Journalist Mascolo fordert besonnenen Journalismus in Krisenzeiten

Nachricht 16. September 2022

Bückeburg (epd). Der Journalist Georg Mascolo hat vor zunehmendem Alarmismus in der Medienberichterstattung gewarnt. „Gerade in Zeiten der Krisen und Verunsicherung wünschen sich die Menschen Sachlichkeit und Erklärung, nicht Überspitzung und Superlative“, betonte der einstige „Spiegel“-Chefredakteur am Donnerstagabend beim Jahresempfang der Evangelisch-Lutherischen Landeskirche Schaumburg-Lippe in Bückeburg. Guter Journalismus sei „dienend“ und helfe Menschen dabei, sich auf Grundlage sauber recherchierter und verständlicher Berichterstattung zu orientieren und zu einer eigenständigen Einschätzung komplexer Themen zu gelangen.

Mascolo, der bis zum Frühjahr dieses Jahres Leiter des Rechercheverbundes von NDR, WDR und der „Süddeutschen Zeitung“ war, sagte vor rund 900 Gästen aus Kirche, Politik und Gesellschaft, „dass guter und schlechter Journalismus im Social-Media-Zeitalter oft nur einen Klick auseinanderliegen“. Entsprechend gefragt seien wache und kritische Mediennutzer und -nutzerinnen. Diese könnten seriösen und redlichen Journalismus unter anderem daran erkennen, wie Redaktionen mit eigenen Fehlern umgingen: „Ehrlichkeit und Transparenz im Umgang mit Fehleinschätzungen und Fehlberichterstattungen sind für glaubwürdigen Journalismus unerlässlich.“

Mit Blick auf die Energiekrise, steigende Lebenshaltungskosten und Sorgen vor wachsender sozialer Not kritisierte Mascolo, dass jetzt Berichte über einen drohenden „Wut-Winter“ zu lesen seien. „Die steilsten Prognosen bekommen oft die größte Aufmerksamkeit“, sagte er. Dabei zeige sich im Rückblick zumeist, dass die Vorhersagen drastischer seien als die Realität. Mascolo plädierte für Journalismus, der sich nicht „von der Daueraufgeregtheit der sozialen Medien mitreißen lässt“.
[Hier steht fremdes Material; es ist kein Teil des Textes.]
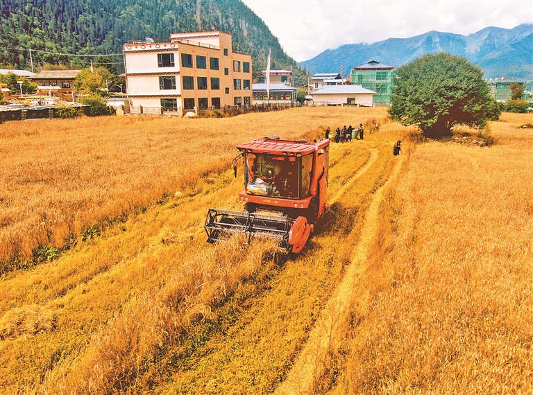 金秋的雪域高原,是一年中最動人的時節(jié)。蔚藍的天幕下,金色的青稞麥浪從山腳一直蔓延到云端。在隆隆的機械轟鳴與悠揚的勞作歌聲中,西藏各地農(nóng)區(qū)迎來了豐收的季節(jié)。
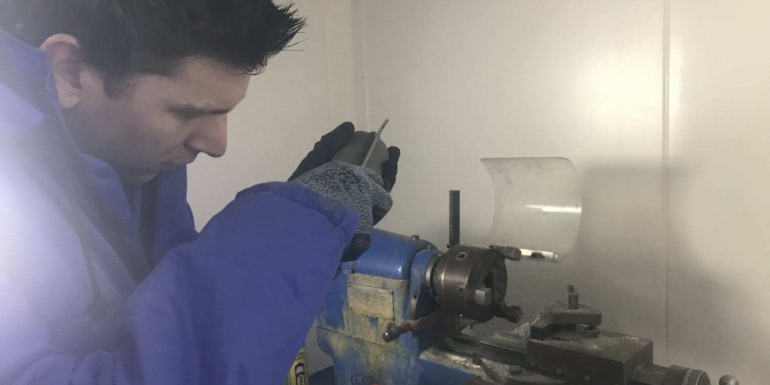 In de vriescel voelt het inmiddels steeds kouder aan. In het begin hield de overall me nog warm, maar langzaamaan worden mijn vingers gevoelloos. Ook mijn neus begint te tintelen. Zuidhoek plaatst het zand op het onderste deel van een soort enorme cocon, dat het monster zal omsluiten. De cocon lijkt wel wat op een bierfust. In de schil zitten allemaal buisjes. Die vullen zich straks met de olie. Dit geeft warmte af aan het zand in de kern, waardoor het langzaam ontdooit. Dit duurt ongeveer een dag. “Het is een tijdrovende klus om alles klaar te maken en het ontdooien doen we ook heel langzaam, zodat het zand dezelfde eigenschappen blijft houden als in Groningen”, legt Van Essen uit.
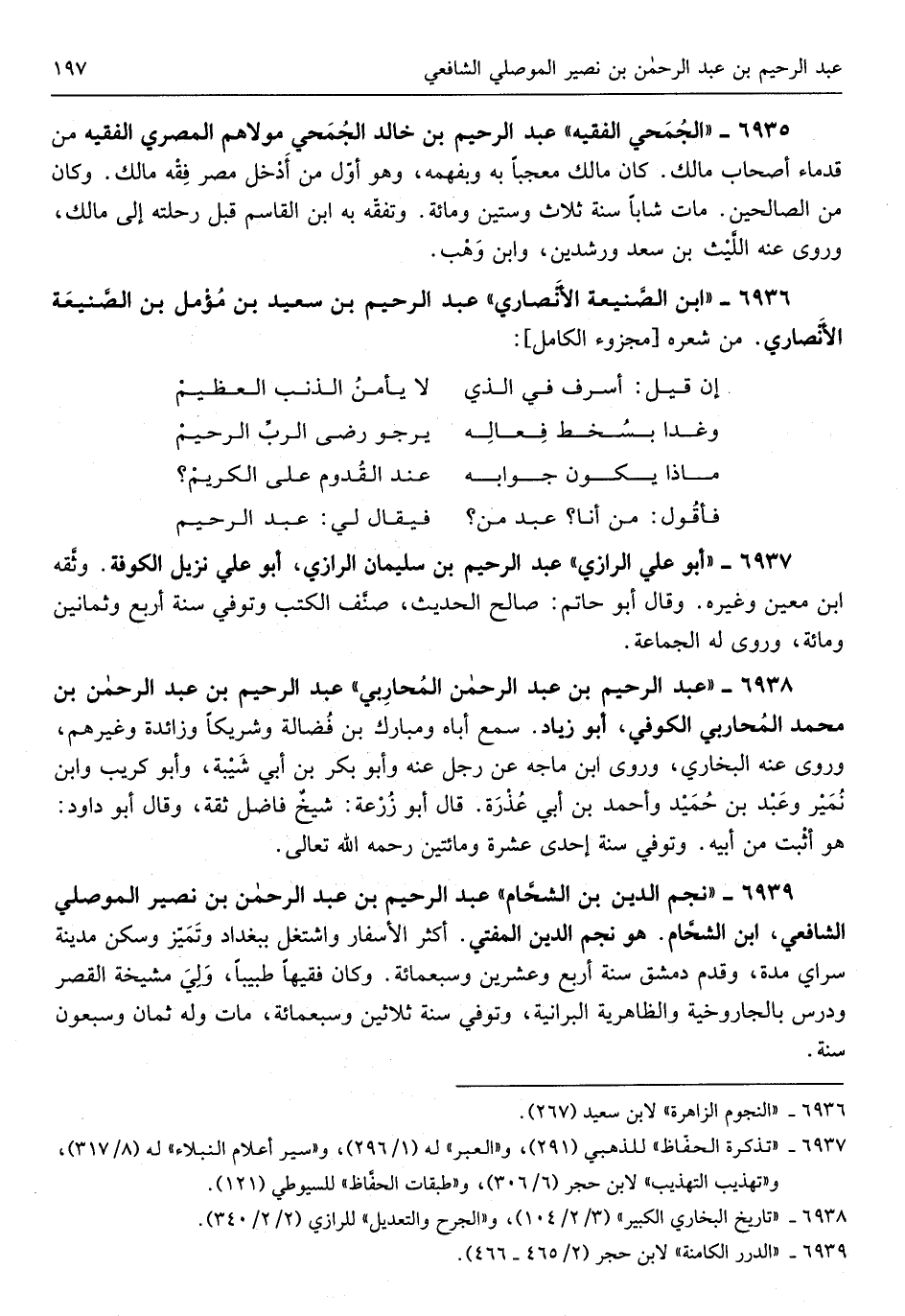 عبد الرَّحِيم بن عبد الرَّحْمَن بن نصير الْموصِلِي الشَّافِعِي ابْن الشحام هُوَ نجم الدّين الْمُفْتِي
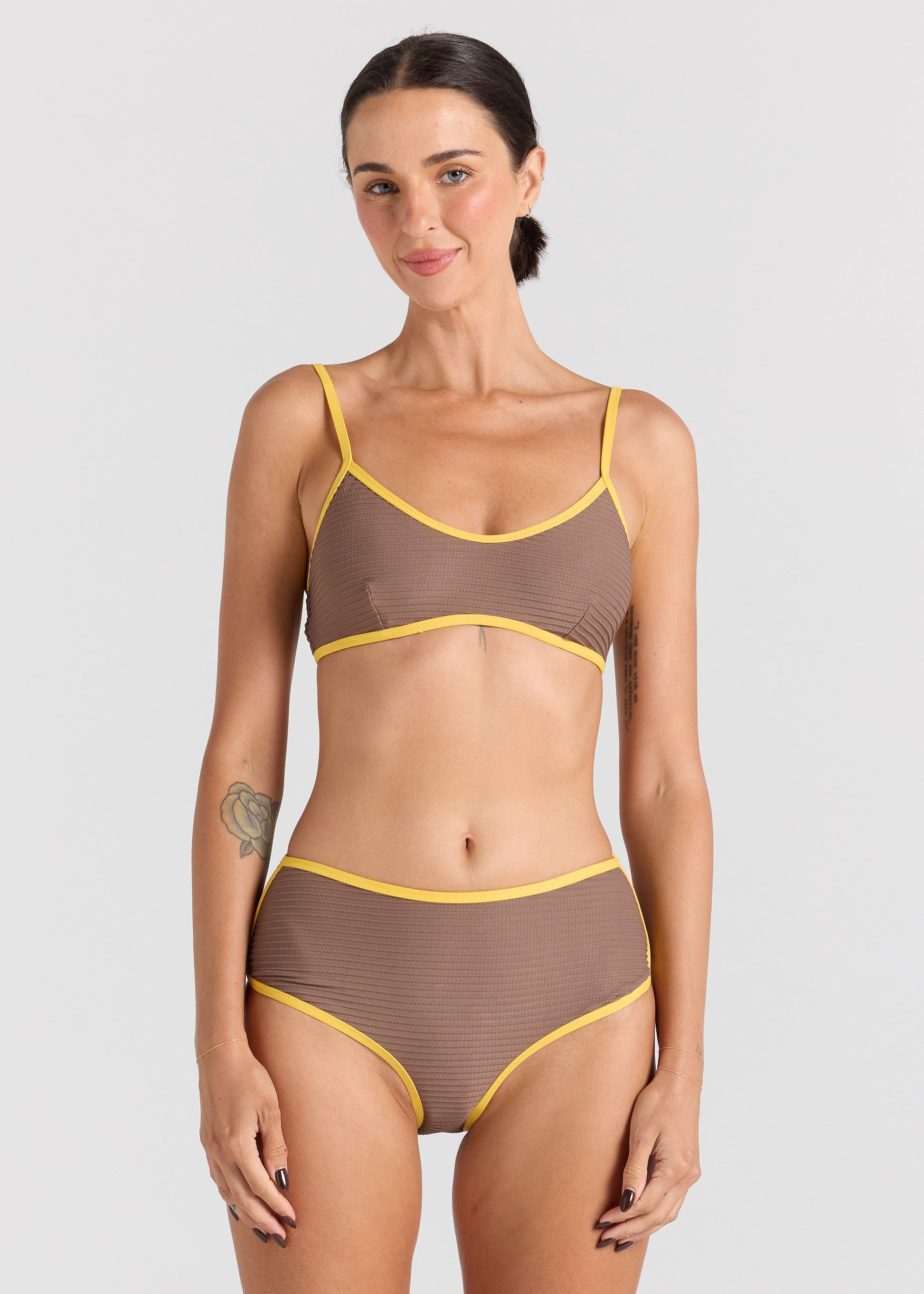 The Sunset Scoop Bralette Top is an easy, unstructured swim essential designed for relaxed days in the sun. Featuring a soft scoop neckline and crafted from textured rib fabric, this minimal bralette shape is finished with contrast binding for a subtle retro touch. Lightweight and smooth against the skin, it offers a natural, comfortable fit. An effortless and timeless style, it’s a versatile piece made for sun-soaked swims and laid-back beach moments.
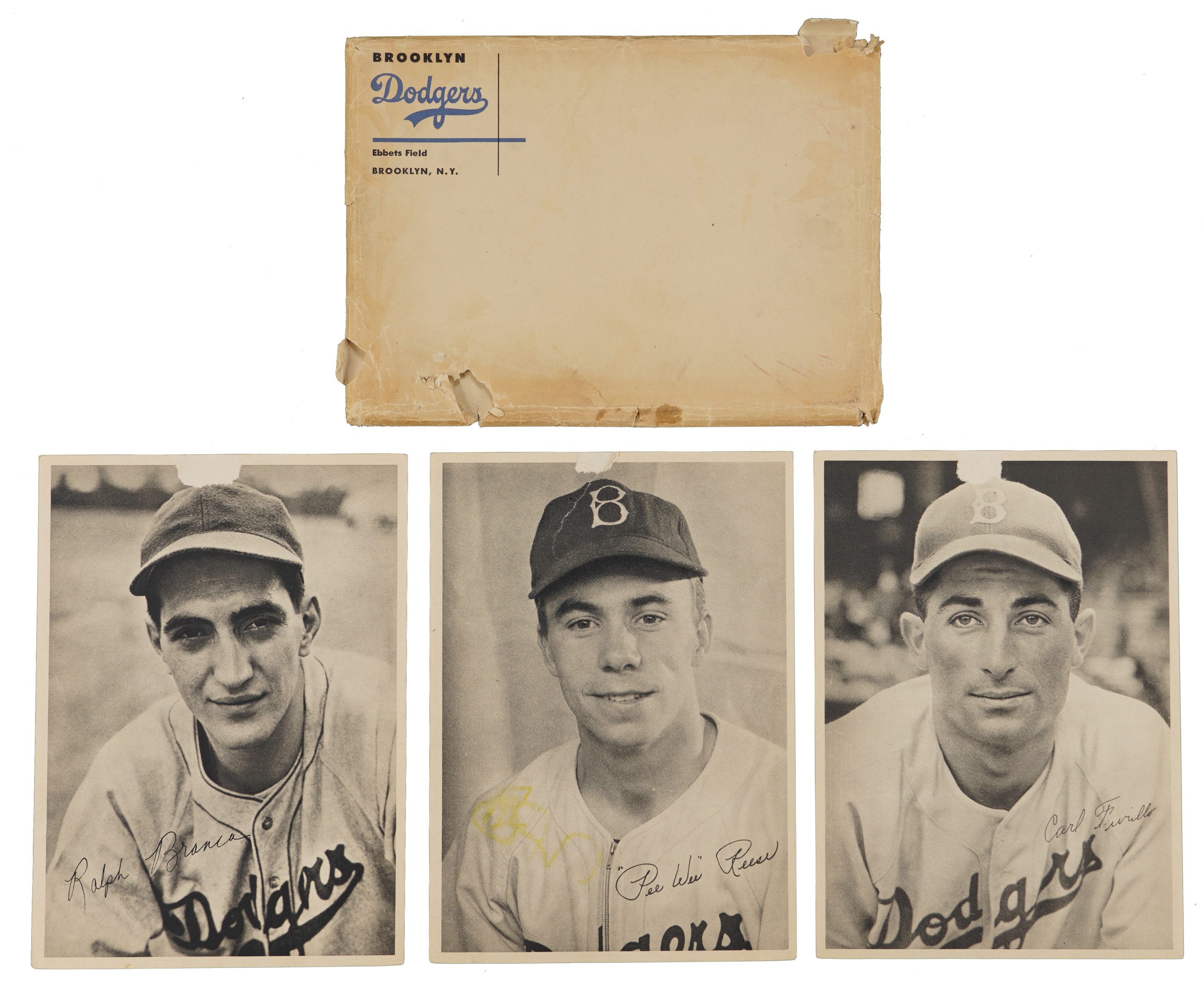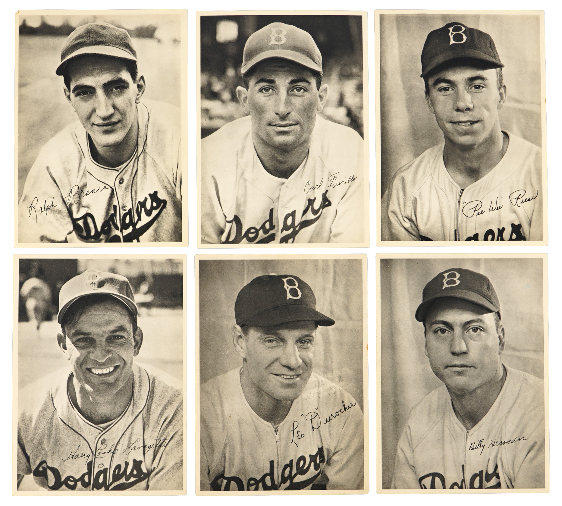 1946 Brooklyn Dodgers Picture Pack set: (25/25 photos, average EX-MT, plus 12 dupes averaging PR due to paper loss and moderately worn original mailer including slight tearing) with (2) Branca RC (one EX, one PR, paper loss), Durocher (FR, erased writing), (2) Furillo RC (one EX-MT, one PR, paper loss), Herman (EX-MT), Lavagetto (EX), (2) Reese (one EX-MT, one PR, paper loss), (2) Reiser (one EX, one PR, paper loss);
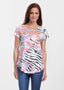 A playful black and white zebra print with scattered pops of flowers in pink, orange & light blue.

Zudem betonte er, dass die Unterdrückung von Presse- und Meinungsfreiheit weltweit betrachtet weiter zunehme. Einst sei die Bekämpfung der freien Marktwirtschaft ein zentraler Indikator für Demokratiedefizite gewesen, heute sei es die Unterdrückung unabhängig arbeitender Journalisten. Gerade deshalb müsse immer im Bewusstsein bleiben, dass die freien Medien einen lebenswichtigen Beitrag zur Demokratie leisteten, indem sie „den Mächtigen und Einflussreichen auf die Finger schauen“.

Beim Empfang in der Bückeburger Stadtkirche zeichnete Landesbischof Karl Hinrich Manzke 115 Musikerinnen und Musiker der unterschiedlichsten Sparten und Genres für ihr unermüdliches Wirken auch während der Corona-Pandemie aus. Obwohl die zurückliegenden zwei Jahre für sie angesichts erschwerter Auftrittsmöglichkeiten und herber wirtschaftlicher Einbußen eine schwere, mitunter existenzbedrohende Zeit gewesen seien, hätten Sie den Menschen gerade während der Pandemie viel Freude und Zuversicht vermittelt.